▶ WHAT THIS TASK INVOLVES: Beginning with the line that holds "Step into the", write out each line exactly as it stands until the end of the data, and include no pictures.

------------

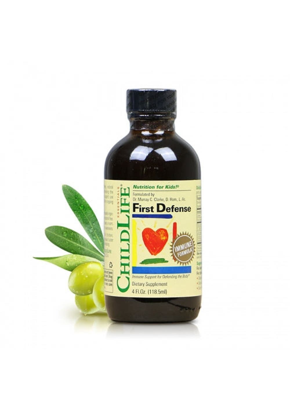 Childlife First Defense Immune Formula Description Nutrition for Kids!® Immune Support for Defending the Body ChildLife First Defense is a unique formula that supports your child's natural defenses and immune strength. Health Tip: for stimulating natural immune responses and defending the body. When needed for immune support, use daily at the recommended dosages. For ongoing maintenance, use once daily. Childlife uses only the highest quality ingredients. Directions For infants 6 mnths to 1 year: 1/2 Teaspoon 3 times daily.For children 1-12 years: 1 teaspoon 3 times daily. Give directly or mix with juice or your child's favorite drink. Shake well before using. Free Of Gluten, casein, alcohol, milk, eggs, yeast, wheat, corn, artificial colorings, flavorings and sweeteners. *These statements have not been evaluated by the Food and Drug Administration. This product is not intended to diagnose, treat, cure, or prevent any disease. Supplement Facts Serving Size: 1 Teaspoon (5 mL) Servings per Container: 24 Amount Per Serving % Daily Value Calories 10 Total Carbohydrate 2 g <1% Olive Leaf Extract (olea europea) 80 mg * St. John's Wort (hypericum perforatum) (leaf & flower) 20 mg * Larch Arabinogalactan (larix occidentalis) (tree) 15 mg * Zinc (gluconate) 3 mg 20% Silver (colloidal) 60 ppm * *Daily value not established. Other Ingredients: Purified water, glycerin, citric acid, grapefruit seed extract, stevia, potassium sorbate, gum arabic.
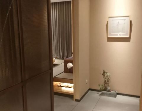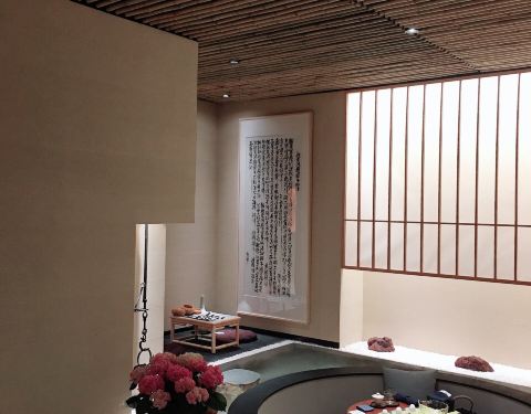 提前一天预约了包房。 门面很小一不小心就会错过。进了门别有洞天,透明的玻璃房别具一格,在花、鱼、水的衬托下很有诗意。 日式包房门口,备有拖鞋,方便客人,服务至上。 包房干净整洁,一书一茶,闲情雅致。 “遇到你要的时光”,对!这就是我想要的时光!!!
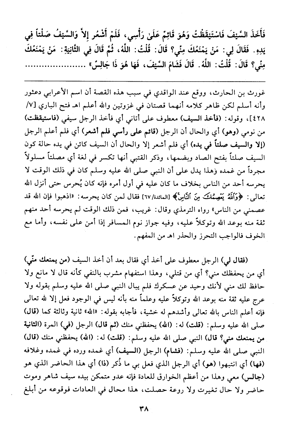 فَأَخَذَ السَّيفَ فَاسْتَيقَظتُ وَهُوَ قَائِمٌ عَلَى رَأْسِي، فَلَمْ أَشْعُر إلا وَالسَّيفُ صَلْتًا فِي يَدِهِ. فَقَال لِي: مَنْ يَمْنَعُكَ مِنِّي؟ قَال: قُلْتُ: اللهُ، ثُمَّ قَال فِي الثَّانِيَةِ: مَنْ يَمْنَعُكَ مِنِّي؟ قَال: قُلْتُ: اللهُ. قَال فَشَامَ السَّيفَ، فَهَا هُوَ ذَا جَالِسٌ"
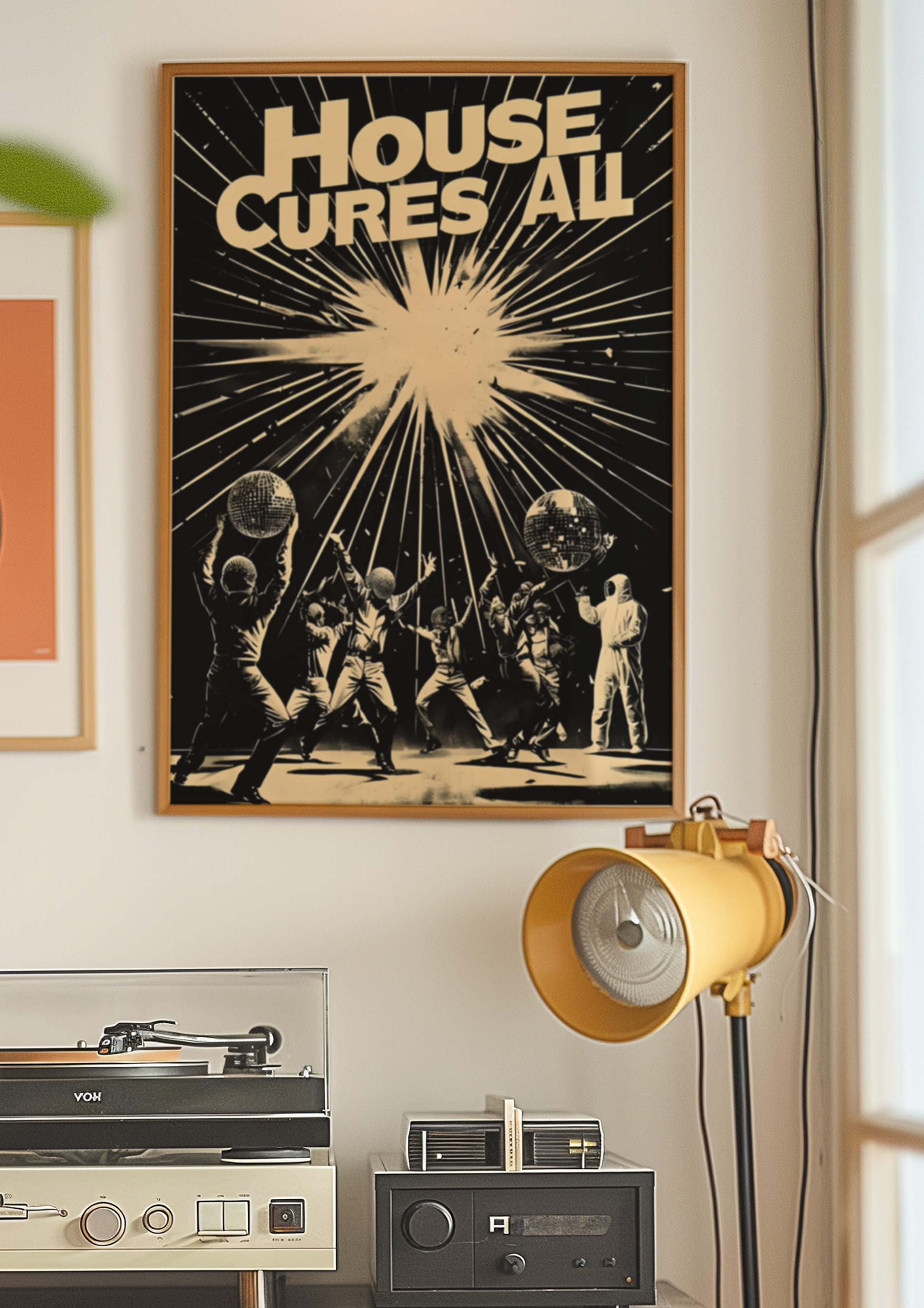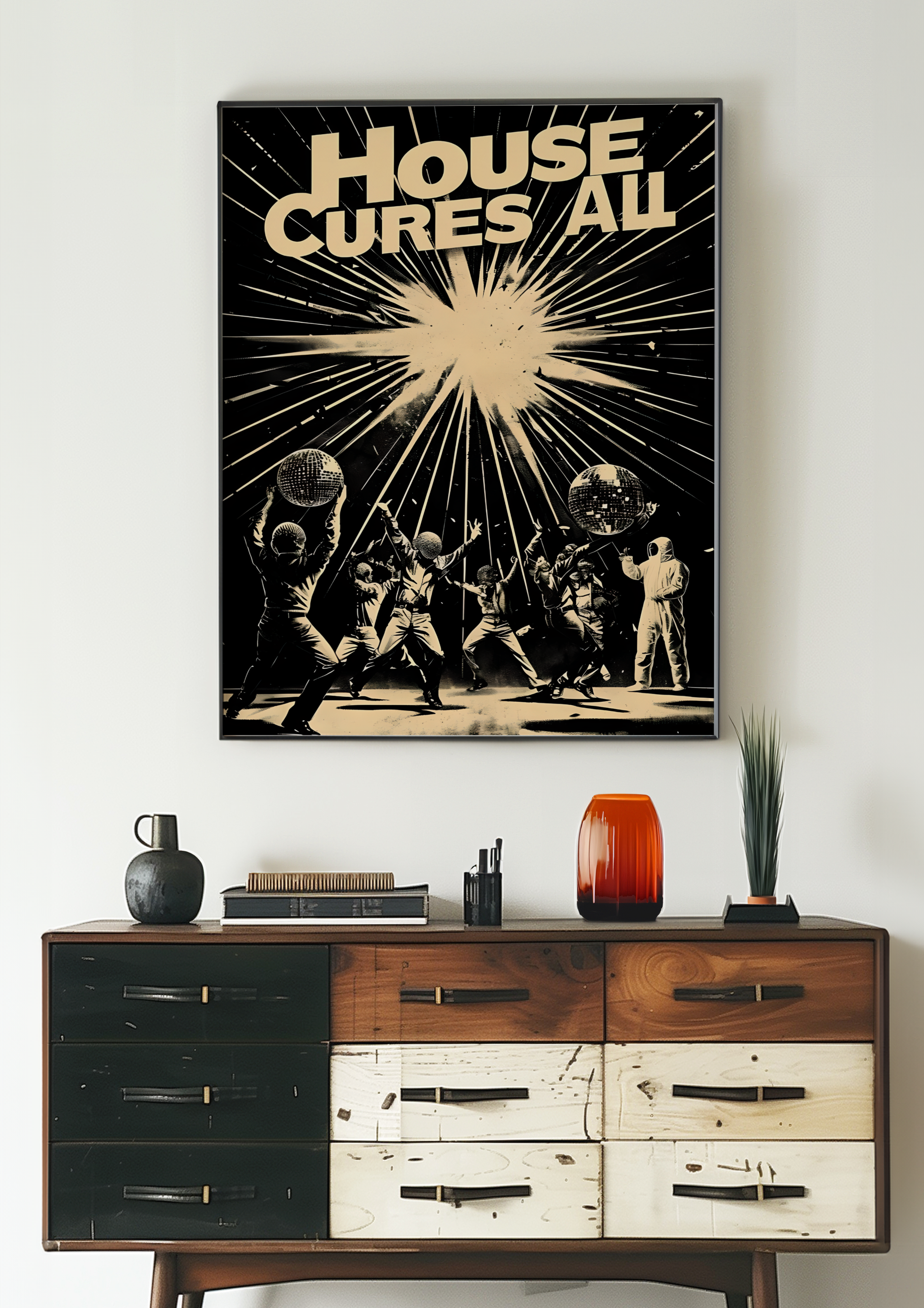 Step into the dancefloor of the surreal with our "House Cures All" poster — a moody, post-apocalyptic party where hazmat-suited dancers move to the beat with shimmering disco balls for heads. Set against a dark, atmospheric backdrop, this artwork fuses chaos with groove, safety with style, and danger with dance. It’s house music at the end of the world — and the party never stops.
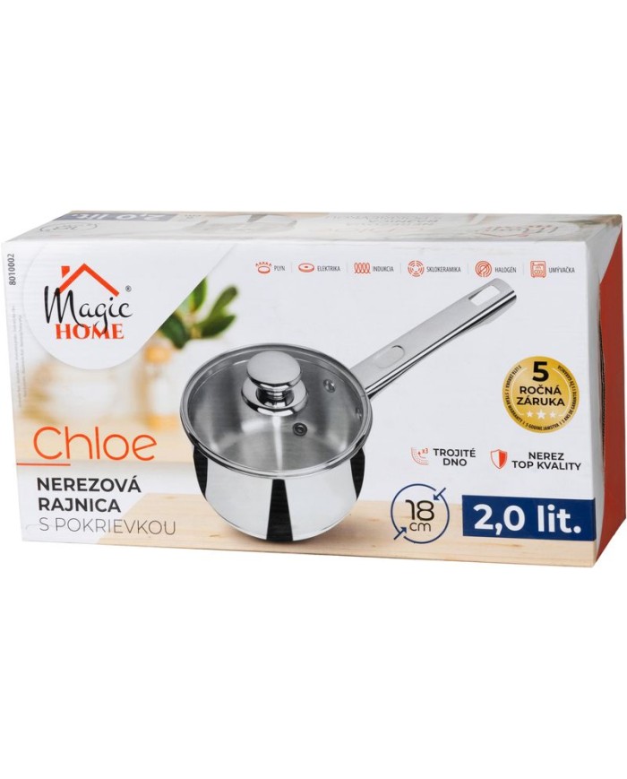 Rajnica MagicHome Chloe je ideálnym riešením pre každodenné varenie a prípravu jedál.S priemerom 18 cm a objemom 2 litreponúka spojenie špičkovej kvality, moderného dizajnu a praktického využitia.
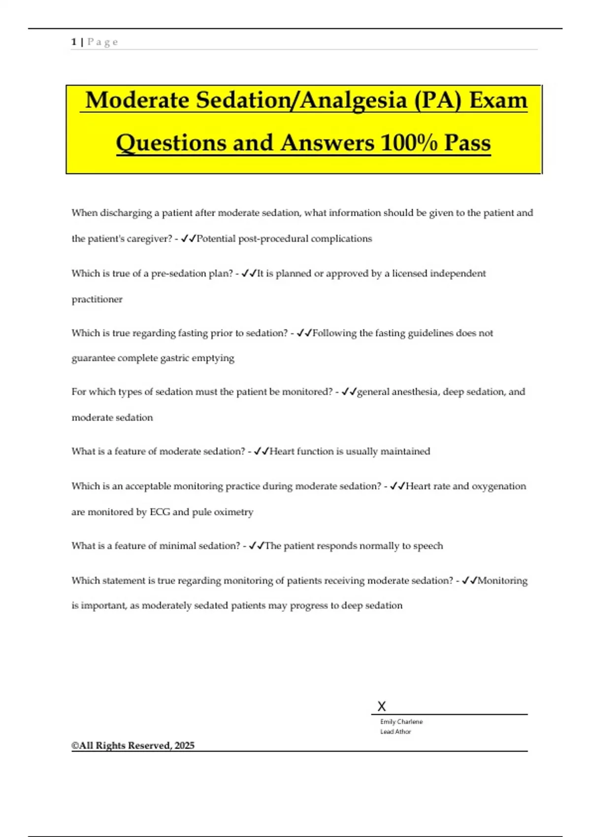 Moderate Sedation/Analgesia (PA) Exam Questions and Answers 100% Pass

------------

▶ WRITTEN SOLUTION:
 Step into the dancefloor of the surreal with our "House Cures All" poster — a moody, post-apocalyptic party where hazmat-suited dancers move to the beat with shimmering disco balls for heads. Set against a dark, atmospheric backdrop, this artwork fuses chaos with groove, safety with style, and danger with dance. It’s house music at the end of the world — and the party never stops.
 Rajnica MagicHome Chloe je ideálnym riešením pre každodenné varenie a prípravu jedál.S priemerom 18 cm a objemom 2 litreponúka spojenie špičkovej kvality, moderného dizajnu a praktického využitia.
 Moderate Sedation/Analgesia (PA) Exam Questions and Answers 100% Pass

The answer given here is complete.